Hayley mused about writing the story of two girls working in a shoe-shop, but realised the plot was a bit thin. “Then I thought one or both of them could be stealing shoes from the shop - and not just shoes, but going on massive shoplifting sprees, in that kind of teenage way.

“As a teacher, you get bits of information about quite quiet youths, usually teenage girls, that have been in trouble with the police. It's actually quite common. So I thought maybe I could address the shoplifting issue. From there it just grew to thinking 'Why is she doing this? Maybe there's a reason . . .', and that's where the whole kind of teenage depression angle came from.”

Earlier this decade Hayley worked at a secondary school in Cardiff, Britain's biggest state school, and before that taught in London for three years, so she's met a lot of different youngsters. Teenage depression wasn't uncommon. Sadly, though, talking about such things is still something of a taboo among children.

I guess the teenage years are difficult for many because of hormonal changes and the challenges of establishing your own identity.

“Oh yeah. I wouldn't go back to being a teenager even if I were promised a million pounds on my 18th birthday!” Their behaviour is also a lot about insecurity and defence mechanisms, she says.

“The first thing everybody asks me is: Am I Lottie Biggs? No, I'm not! We've got certain similarities, definitely: an obsession with orang-utans (!) and things like that, and the musical tastes.”

A second book, Lottie Biggs is Not Desperate, is due out next May. Now a year 11 pupil, Lottie will have rather a dishy counsellor.

“I didn't want to make the counsellor scenes too dry! You get all these stereotypes in your head, so I thought 'Let's go for a young New Zealand guy who looks exactly like Johnny Depp - and that way she wants to go!”

Hayley's agent is negotiating a new two-book deal with the publisher, so it looks likely a third Lottie will appear. In fact, writing is under way. The author thinks a trilogy “is a nice place to leave it.

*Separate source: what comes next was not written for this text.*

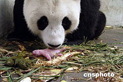 據了解,今年八月剛滿五歲的“華美”一九九九年出生于美國圣地亞哥動物園,今年二月十三日回到四川臥龍定居,它是采用人工授精技術在美國出生并存活的第一只熊貓幼仔。今年四月下旬,已是個“大姑娘”的“華美”發情后,專家們特地為“華美”找了個“如意郎君”大熊貓“靈靈”。五月二日,這兩只大熊貓成功地實現了本交。為增加“華美”受孕的成功機率,科研人員在本交后的幾天里又對她進行了四次人工授精。“華美”終于成功懷孕產仔。

A happy goodbye to Lottie? “Yes, definitely! I don't do miserable endings. Honestly, I watch the news and find life miserable enough without finding a need to replicate that in fiction! It's kind of a thoughtful ending. I suppose the first two books are very much 'Me, me, me, me, me', and by the third she's learned to think about how it is for her mum, and how it is for her friend, and how it is for other people around her. She's become a bit more thoughtful - which shows how she's growing up.”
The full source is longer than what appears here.